AniZpZ / AutoSmoothQuant

An easy-to-use package for implementing SmoothQuant for LLMs
MIT License
82 stars 7 forks source link

Maybe some problem you need to take care #17

Closed DonliFly closed 7 months ago

DonliFly commented 7 months ago

1)run smoothquant_model.py --quantize-model and --generate-scale are always True should change to use action="store_true",like this:


   parser.add_argument('--quantize-model',
                        action="store_true",
                        help='whether to quant model or not')    

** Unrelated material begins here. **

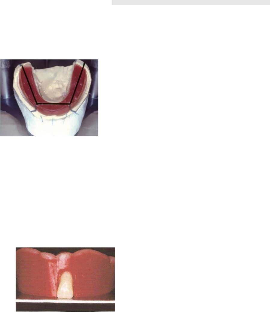 Amanda G. Montagem dos dentes artificiais em prótese total A referência para montar os dentes superiores é o plano inferior. - Transferência da marcação do centro da papila piriforme para a área posterior do modelo - Marcação do alinhamento da crista do rebordo na região anterior do modelo, linha de esforço mastigatório ou linha de Pound - Transferência da linha de esforço mastigatório, da crista do rebordo para a superficie oclusal do plano inferior - Os planos de orientação devem estar montados no ASA, em DVO e ROC Basicamente existem duas técnicas para montagem dos dentes artificiais em PT: 1. Técnica da janela: remover a porção de cera correspondente ao dente a ser montado – desvantagem: a contração da cera que removida é maior, ao colocar o adjacente os antigos se movem, é preciso montar em cera nova que tenha elasticidade 2. Técnica do recorte do rolete (técnica limpa): recortar o rolete na altura da linha alta do sorriso de um dos lados (hemi arco) · Arranjo dos dentes anteriores superiores Incisivo central superior: - Superficie mesial tangenciando a linha mediana e o eixo axial de sua coroa, ligeiramente convergindo no sentido cérvico-incisal - A superfície incisal deverá tocar a borda por vestibular do arco de oclusão inferior Canino superior: - Colo cervical por vestibular ligeiramente mais vestibularizado (mais saliente) - A ponta voltada para dentro e tocando o arco de oclusão inferior - Ligeira giroversão deixando a face vestibular menos aparente e mostrando mais a face mesial do dente Altura do plano oclusal: terço superior da papila retromolar Os dentes posteriores devem estar em curva ascendente e os anteriores tangencial a linha seco úmida · Montagem: - Cortar o plano de orientação superior na linha média até a linha alta do sorriso para a posterior - Pequeno rolete de cera sobre a base na crista do rebordo - Dente 21, colo na linha alta do sorriso, face mesial na linha média, borda incisal tangencia e contorna o plano inferior - Dente 22, colo na linha alta do sorriso, face mesial na distal do 21, borda incisal do dente 22 acompanha a vestibular do plano inferior - Canino posicionado acompanhando a curvatura do plano inferior e ligeiramente inclinado para distal - 1º pré-molar posicionado, as duas cúspides tocam no plano. Nos posteriores quem manda é a linha de Pound (cúspide palatina em cima dela) - Posicionamento palatinizado do 2º pré-molar, as duas cúspides tocam o plano inferior - A partir dos pré-molares a montagem fica mais palatinizada - As cúspides palatinas de todos os dentes posteriores tocam o plano inferior - Os dentes anteriores ficam ligeiramente distalizados, os posteriores perpendiculares ao plano inferior - A montagem do lado oposto segue a mesma sequência já descrita - Com todos os dentes montados, observar ao fundo o corredor bucal preservado · Ceroplastia: - Toda a vestibular é preenchida com cera 7 plastificada, desde o fundo do vestibulo cobrindo o colo dos dentes - Iniciar a escultura da cera na altura do colo dos dentes - Fazer cortes semicirculares do ponto de contato até o colo espátula lecron num ângulo de 45º - Iniciar a escultura da base vestibular do enceramento com triângulos invertidos delimitando as bossas e as fossas · Montagem dos dentes inferiores: - Para montar os dentes inferiores devemos seguir uma relação oclusal de 2:1 - Recortar o plano inferior a partir da linha média e seguir para posterior até a papila piriforme - Os planos devem estar posicionados no ASA, com o pino incisal em zero - O incisivo central 31 segue o alinhamento mesial e contata o 1/3 incisal da face palatina do superior 21 - Relação de oclusão: 2 dentes inferiores para 1 dente superior - A montagem dos dentes inferiores segue o direcionamento dos dentes superiores e não do plano inferior - O canino fica com o colo ligeiramente distalizado. A cúspide fica entre o lateral e o canino superior - O 1º pré-molar segue o alinhamento do canino e oclui entre a distal do canino e o 1º pré-molar superior - Os dentes posteriores são montados seguindo o mesmo alinhamento e padrão oclusal - A cera do lado oposto é removida, verifica-se a oclusão e o posicionamento do pino incisal - Antecipar a montagem do 1º molar 46. Os outros dentes deverão se articular no espaço restante

    parser.add_argument('--generate-scale', 
                        action="store_true",
                        help='whether to generate scale or not')

2)TypeError: 'type' object is not subscriptable should change models folder all fill about dict, should do this to fix

a: from typing import Dict b: replaces form dict[str, str] to Dict[str, str]

Reference link:https://stackoverflow.com/questions/59101121/type-hint-for-a-dict-gives-typeerror-type-object-is-not-subscriptable 3)TypeError: cannot assign 'torch.cuda.HalfTensor' as parameter 'weight' (torch.nn.Parameter or None expected) under the models folder, using llama.py get the up TypeError, should do this to fix


class Int8LlamaRMSNorm(LlamaRMSNorm):

    @staticmethod
    def from_float(module: LlamaRMSNorm,
                   output_scale: float):
        int8_module = Int8LlamaRMSNorm(module.weight.numel(), module.variance_epsilon)

        int8_module.weight.to(module.weight.dtype)
        # int8_module.weight = module.weight / output_scale # get TypeError
        int8_module.weight = nn.Parameter(module.weight / output_scale)

        return int8_module

Reference link:https://discuss.pytorch.org/t/typeerror-cannot-assign-torch-floattensor-as-parameter-layer-weights-torch-nn-parameter-or-none-expected/94947

Thanks for this to help everybody!

AniZpZ commented 7 months ago

Hi there! We really appreciate your advice. We will give it serious consideration and plan to address the issues later this week.